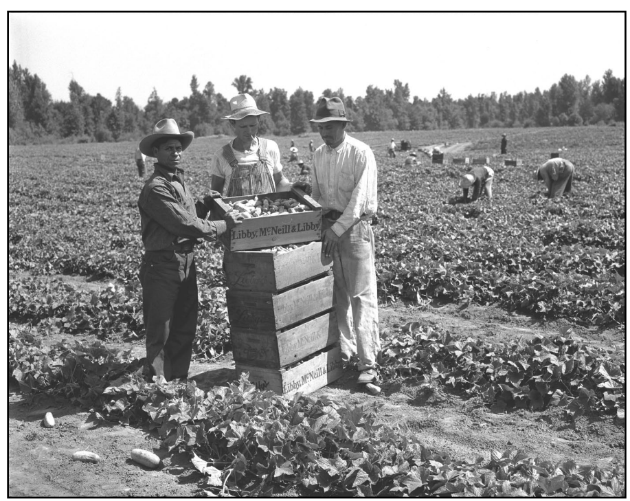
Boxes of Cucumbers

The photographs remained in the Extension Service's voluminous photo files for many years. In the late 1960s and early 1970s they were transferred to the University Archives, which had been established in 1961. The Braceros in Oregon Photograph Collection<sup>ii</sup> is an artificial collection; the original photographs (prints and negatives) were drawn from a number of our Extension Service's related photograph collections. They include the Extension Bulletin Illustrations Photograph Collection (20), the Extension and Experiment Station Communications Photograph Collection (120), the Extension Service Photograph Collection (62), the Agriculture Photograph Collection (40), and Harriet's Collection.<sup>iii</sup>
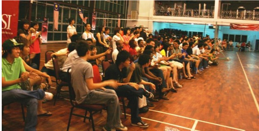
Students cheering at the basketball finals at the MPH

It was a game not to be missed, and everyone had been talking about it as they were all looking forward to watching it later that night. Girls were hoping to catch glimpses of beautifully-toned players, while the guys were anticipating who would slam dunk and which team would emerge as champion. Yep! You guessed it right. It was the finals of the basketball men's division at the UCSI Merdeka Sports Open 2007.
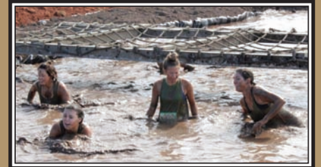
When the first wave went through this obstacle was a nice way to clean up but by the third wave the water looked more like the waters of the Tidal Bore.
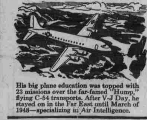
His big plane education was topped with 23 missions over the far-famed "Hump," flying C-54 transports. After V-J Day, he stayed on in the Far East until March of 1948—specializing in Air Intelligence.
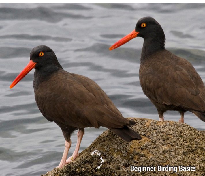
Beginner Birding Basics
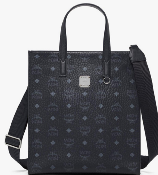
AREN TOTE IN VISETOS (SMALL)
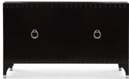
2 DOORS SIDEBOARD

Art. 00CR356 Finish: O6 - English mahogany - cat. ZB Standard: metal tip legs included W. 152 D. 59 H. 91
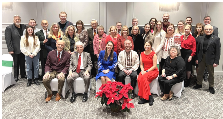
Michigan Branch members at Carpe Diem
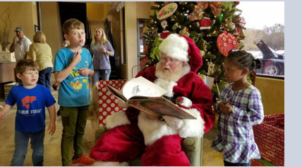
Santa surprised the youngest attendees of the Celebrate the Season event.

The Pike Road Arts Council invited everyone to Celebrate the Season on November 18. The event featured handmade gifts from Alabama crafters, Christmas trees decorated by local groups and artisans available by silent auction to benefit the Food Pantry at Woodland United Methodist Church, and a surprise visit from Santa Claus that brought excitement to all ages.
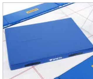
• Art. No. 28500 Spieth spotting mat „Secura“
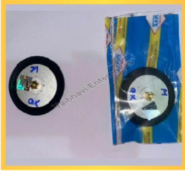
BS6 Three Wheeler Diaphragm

--------------------

## Exercise goal
What you write should match the entries exactly, except that the pictures are dropped.

## Result below
Boxes of Cucumbers

The photographs remained in the Extension Service's voluminous photo files for many years. In the late 1960s and early 1970s they were transferred to the University Archives, which had been established in 1961. The Braceros in Oregon Photograph Collection<sup>ii</sup> is an artificial collection; the original photographs (prints and negatives) were drawn from a number of our Extension Service's related photograph collections. They include the Extension Bulletin Illustrations Photograph Collection (20), the Extension and Experiment Station Communications Photograph Collection (120), the Extension Service Photograph Collection (62), the Agriculture Photograph Collection (40), and Harriet's Collection.<sup>iii</sup>
Students cheering at the basketball finals at the MPH

It was a game not to be missed, and everyone had been talking about it as they were all looking forward to watching it later that night. Girls were hoping to catch glimpses of beautifully-toned players, while the guys were anticipating who would slam dunk and which team would emerge as champion. Yep! You guessed it right. It was the finals of the basketball men's division at the UCSI Merdeka Sports Open 2007.
When the first wave went through this obstacle was a nice way to clean up but by the third wave the water looked more like the waters of the Tidal Bore.
His big plane education was topped with 23 missions over the far-famed "Hump," flying C-54 transports. After V-J Day, he stayed on in the Far East until March of 1948—specializing in Air Intelligence.
Beginner Birding Basics
AREN TOTE IN VISETOS (SMALL)
2 DOORS SIDEBOARD

Art. 00CR356 Finish: O6 - English mahogany - cat. ZB Standard: metal tip legs included W. 152 D. 59 H. 91
Michigan Branch members at Carpe Diem
Santa surprised the youngest attendees of the Celebrate the Season event.

The Pike Road Arts Council invited everyone to Celebrate the Season on November 18. The event featured handmade gifts from Alabama crafters, Christmas trees decorated by local groups and artisans available by silent auction to benefit the Food Pantry at Woodland United Methodist Church, and a surprise visit from Santa Claus that brought excitement to all ages.
• Art. No. 28500 Spieth spotting mat „Secura“
BS6 Three Wheeler Diaphragm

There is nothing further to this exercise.